For her part, Bigelow — who won best picture and best director Oscars two years ago for “The Hurt Locker,” about a bomb technician in Iraq — “Zero Dark Thirty” provided her an opportunity to engage in the kind of visceral, immersive, action-driven filmmaking she’s spent a career refining, often within the context of mostly male subcultures. The facts that Boal amassed regarding the bin Laden mission, she said, created “longitudinal and latitudinal guidelines” that she was “thrilled” to work with.
“You’re working within these parameters that are kind of freeing and exciting,” she said, “because you're trying to bring something to life to the best of your ability and make it live and breathe and feel credible.”
Much like “The Hurt Locker,” “Zero Dark Thirty” puts viewers right into the action, in this case a dizzying needle-in-a-haystack search for the courier who led the CIA to bin Laden, and later the SEAL raid, which is reenacted in virtually real time. But rather than engaging in we-got-him triumphalism, Bigelow allows for ambiguity, with conflicting emotions playing out on the faces of Chastain and co-star Jason Clarke, who plays an agency interrogator.
The torture scenes, while ugly and graphic, aren’t presented in neat, ends-justify-means terms. It’s the day-to-day tradecraft that’s shown to be more important in the intelligence hunt, as CIA operatives use deception, misdirection and resources to pursue and woo their leads. (Perhaps the most crucial piece of information leading Chastain’s character to bin Laden is a name that a colleague finds buried in old files; a crucial telephone number is obtained by buying a Lamborghini for a source.) If “Zero Dark Thirty” justifies anything, it’s not torture but data mining, which might be sexy enough for “Moneyball” but not for “Hardball.”
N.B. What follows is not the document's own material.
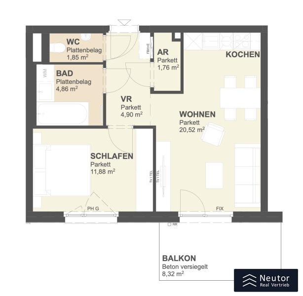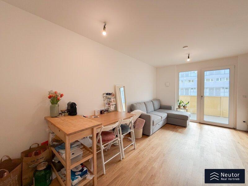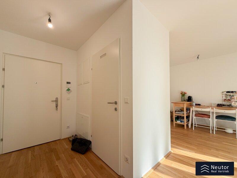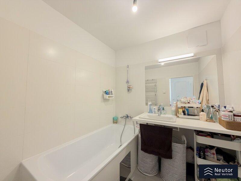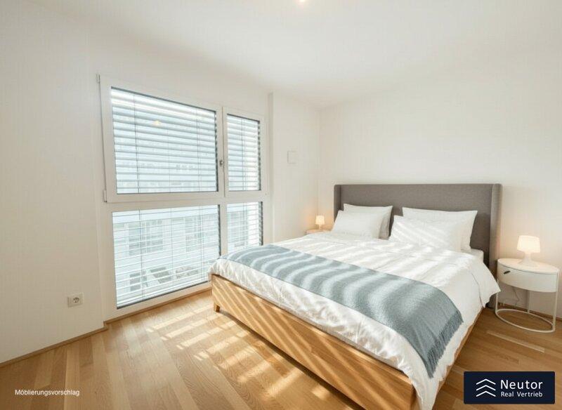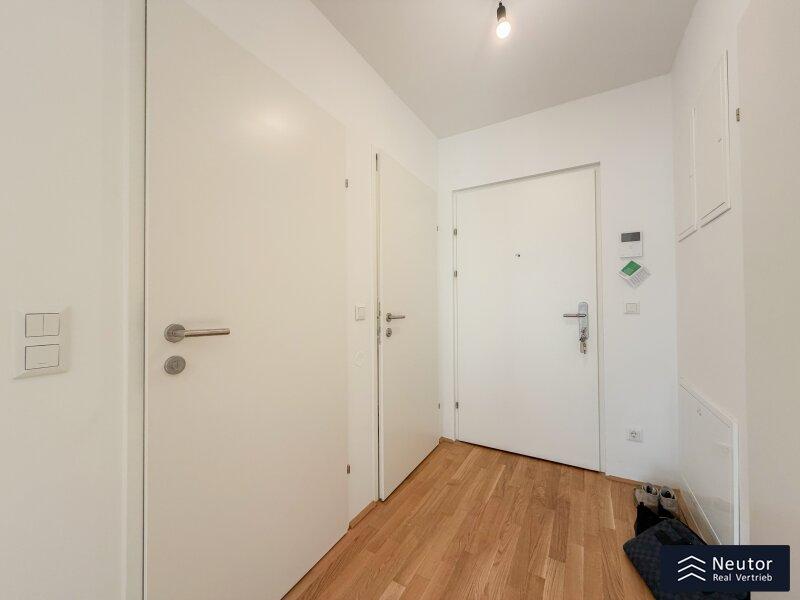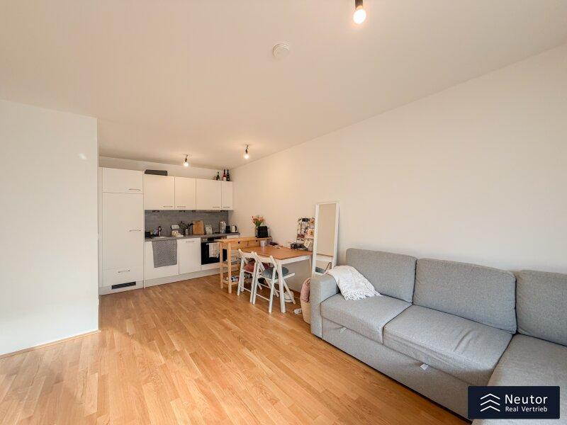 Diese moderne Neubauwohnung im vierten Stock überzeugt durch eine durchdachte Raumaufteilung sowie ein helles und freundliches Wohnambiente. Der funktional gestaltete Vorraum bietet einen einladenden Eingangsbereich und ermöglicht den Zugang zu allen Räumen der Wohnung. Für zusätzlichen Komfort steht ein separat angelegtes WC mit Handwaschbecken zur Verfügung. Das stilvolle Badezimmer ist mit einer Badewanne sowie einem Waschmaschinenanschluss ausgestattet und erfüllt damit alle Anforderungen des modernen Wohnens. Ein praktischer Abstellraum sorgt für wertvollen zusätzlichen Stauraum und trägt zu einem aufgeräumten Wohngefühl bei. Das Schlafzimmer präsentiert sich hell und bietet ausreichend Platz für Erholung und Rückzug. Das großzügige, lichtdurchflutete Wohnzimmer bildet das Herzstück der Wohnung und ist mit einer modernen Einbauküche ausgestattet. Hochwertige Geräte und ein zeitloses Design unterstreichen die Qualität dieses Wohnbereichs. Der Balkon erweitert den Wohnraum ins Freie und lädt zum Entspannen und Verweilen ein.Zur Wohnung gehört ein eigenes Kellerabteil, dass zusätzlichen Stauraum bietet. Für Fahrräder stehen mehrere gemeinschaftlich nutzbare Fahrradräume zur Verfügung. Familienfreundlichkeit wird in dieser Wohnanlage großgeschrieben: Ein Kinderspielplatz auf dem Grundstück sorgt für Spielmöglichkeiten direkt vor der Tür. Optional kann eine Garage angemietet werden, die eine sichere und bequeme Parkmöglichkeit bietet. Insgesamt vereint diese Wohnung hohen Wohnkomfort mit praktischer Ausstattung in zentraler und dennoch ruhiger Lage. Ein ideales Zuhause für alle, die Wert auf Lebensqualität und Funktionalität legen.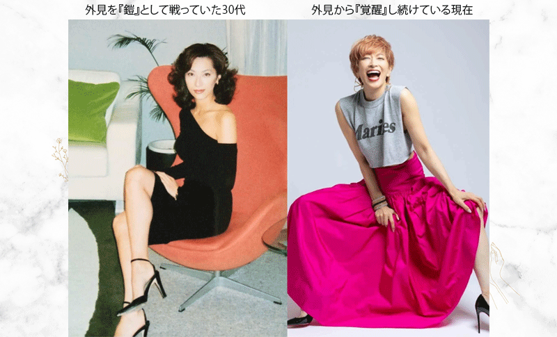30歳で出会った2人目の夫は、「女性はゴージャスであるべし」という独自の美学を持ち、私にメイクやネイルを施し、美しいブランドの服を湯水の如く与えてくれた。まるで映画「プリティウーマン」の世界。私の外見力においての基盤を作った「H&Mからクリスチャン・ディオールまで」というキャッチコピーは、 当時の毎月100万円以上を“お洒落”に注いだ実体験から生まれたもの。 価格に関係なく本物を見極め、最良のものを選び取る力―その審美眼と経験から培った幅広い情報量で創造する変身力の土台がこの時期に築かれた。

If “Zero Dark Thirty” makes an editorial statement, Boal and Bigelow say, it’s in an operative’s line about “the big breaks and the little people who make them happen.” In many ways, they’re paying tribute to the kind of career officials and government bureaucrats that are so often ridiculed and scorned outside Washington. Like “Lincoln,” “Zero Dark Thirty” celebrates process, professionalism and continuity of government that transcends partisan bickering and policy changes.